Mixed-Criticality Scheduling with Dynamic Memory Bandwidth Regulation

2018 
Mixed-criticality multicore system design must often guarantee both safety and high performance. Memory bandwidth regulation among different cores can be a useful tool for guaranteeing safety, as it mitigates the interference when accessing main memory. The use of mode changes and system models like Vestal's can help provide both safety, for critical functions, and scheduling performance, by efficiently utilising the platform.
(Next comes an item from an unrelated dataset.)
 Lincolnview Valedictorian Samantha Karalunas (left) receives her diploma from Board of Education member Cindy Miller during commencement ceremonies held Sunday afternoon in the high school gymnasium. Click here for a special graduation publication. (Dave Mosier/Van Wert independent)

This work therefore combines per-core memory access regulation with the well-established Vestal model and improves on the state-of-the-art in two respects: 1) We allow the memory access budgets of the cores to be dynamically adjusted, when the system undergoes a mode change, reflecting the different needs in each mode, for better schedulability. 2) We devise memory-regulation-aware and stall-aware schedulability analysis for such systems, based on AMC-max. By comparison, the state-of-the-art offered no option of dynamic adjustment of core budgets, and only offered regulation-aware schedulability analysis based on AMC-rtb, which is inherently more pessimistic. Finally, 3) we consider different task assignment and bandwidth allocation heuristics, to assess the improvement from the dynamic memory budgets and new analysis. Our results show improvements in schedulability ratio of up to 9.1% over the state-of-the-art.
    • Correction
    • Source
    • Cite
    • Save
    • Machine Reading By IdeaReader
    27
    References
    2
    Citations
    NaN
    KQI
    []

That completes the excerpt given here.